EmWorld: Emotion World Model with Latent State Evolution for Scenario-Incremental Dynamic Facial Expression Recognition
Abstract
Dynamic Facial Expression Recognition (DFER) models the temporal evolution of facial expressions in videos. In real-world deployments, changing scenarios distort expression trajectories over time, making it difficult for existing methods to maintain performance. While most current approaches address this issue through passive feature alignment across scenarios or domain-incremental learning techniques that preserve previously learned representations, they do not explicitly model scenario evolution over time, limiting their ability to robustly capture expression dynamics under scenario-incremental changes. To end this, we propose EmWorld, an emotion world model for DFER that explicitly models latent emotion state evolution under scenario variations. Specifically, EmWorld formulates scenario-incremental DFER as a progressive Bayesian inference problem over latent world states with dual temporal scales.
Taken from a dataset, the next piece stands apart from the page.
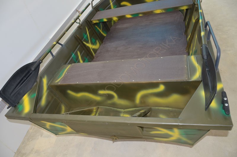 Корпус плоскодонных лодок «Охотник» — это сочетание арочных(тримаранных) обводов днища, высокого борта и крепкого транца под навесной мотор.

Slow-timescale component (STS) models scenario evolution using stochastic evolutionary priors, capturing long-term scenario effects and providing proactive guidance in new scenarios. Fast-timescale component (FTS) models frame-level expression dynamics with temporally consistent latent transitions, effectively decoupling expression dynamics from scenario influences. By jointly inferring latent states at both timescales, EmWorld, shifts DFER from a passive feature discrimination process to a active probabilistic state inference under evolving scenarios. Experiments on FERV39k, DFEW, and MAFW demonstrate that EmWorld, consistently outperforms state-of-the-art methods, achieving up to 3.84\% improvement while exhibiting strong cross-scenario stability and long-term robustness.